Caitlin fit un coup de Google pour voir la liste des précédents lauréats. Il y en avait beaucoup dont elle n’avait jamais entendu parler, mais certains lui sautèrent aux yeux : Barack Obama ; Médecins sans frontières ; Jody Williams et la Campagne internationale pour l’interdiction des mines antipersonnel ; Yasser Arafat, Shimon Peres et Yitzhak Rabin ; Nelson Mandela et F.W. De Klerk ; Mikhaïl Gorbatchev ; le quatorzième – et toujours actuel – dalaï-lama ; l’Association internationale des médecins pour la prévention de la guerre nucléaire ; Lech Walesa ; Mère Teresa ; Anouar el-Sadate et Menahem Begin ; Amnesty International ; l’UNICEF ; Martin Luther King, Jr. ; Linus Pauling ; Lester B. Pearson (cela faisait maintenant cinq fois qu’elle était passée par l’aéroport qui portait son nom) ; George Marshall, à l’origine du Plan Marshall ; Albert Schweitzer ; les Quakers ; le Comité international de la Croix-Rouge ; Woodrow Wilson ; Teddy Roosevelt ; et bien d’autres encore.

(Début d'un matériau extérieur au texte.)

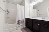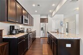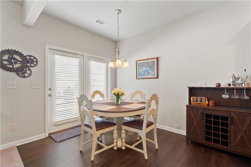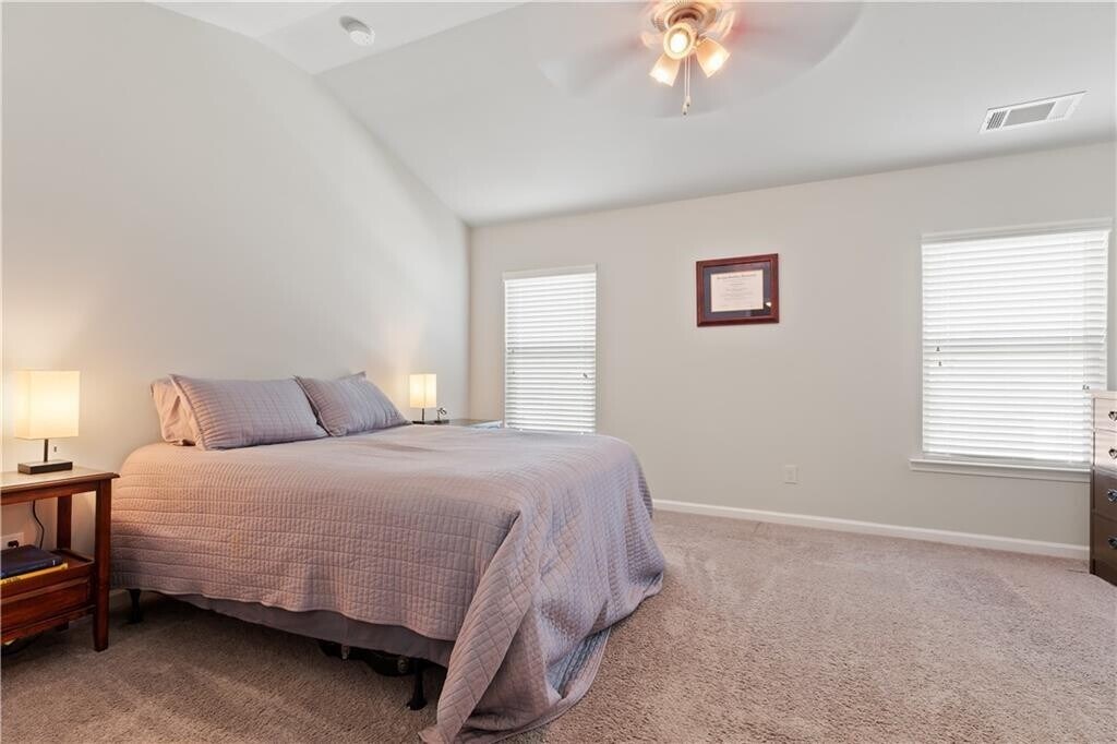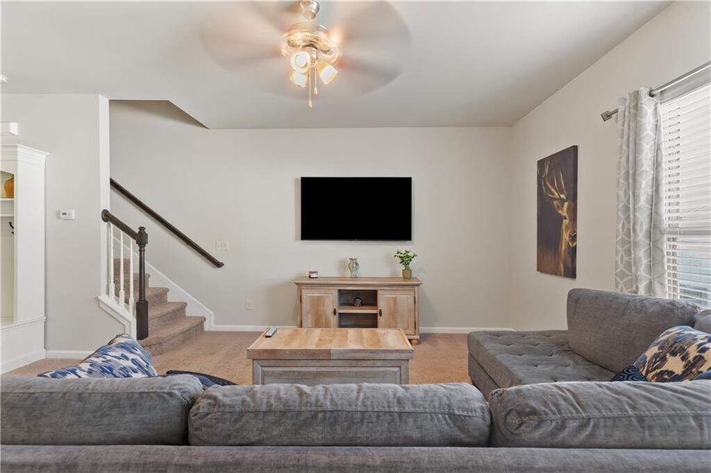 Wonderfully maintained 3 bedroom,2.5 bathroom home conveniently located close to 400,outlet mall,restaurants,wineries and the North Georgia mountains. Enter into your open concept great room with huge granite island,stainless steel appliances,eat-in area and pantry. Private fenced backyard with patio. Single car garage easily accessible to kitchen. Half bath completes the main level of this move-in-ready home. Upstairs are three sizable bedrooms,laundry and two full baths. The primary bedroom is connected to the oversized bath with a large garden tub,double sinks and granite vanity. The secondary bedrooms share the hall bath. This neighborhood has lawn maintenance,playground,and community pool included in the monthly HOA fees which are paid by the landlord. Fridge is included.

Et maintenant, à son tour, Webmind !

Il suivait son flot Twitter et devait donc avoir déjà vu sa réaction enthousiaste. Mais elle voulait quand même lui dire quelque chose directement.

— Félicitations, Webmind ! lança-t-elle à voix haute. La belle voix grave répondit aussitôt dans les haut-parleurs :

— Merci, Caitlin. La réponse habituelle dans de telles circonstances peut sembler banale, et c’est pourquoi je tiens à souligner auparavant que c’est la stricte vérité. (Il marqua une légère pause avant de prononcer des mots qui remplirent Caitlin de fierté :) Je n’aurais jamais pu y arriver sans toi.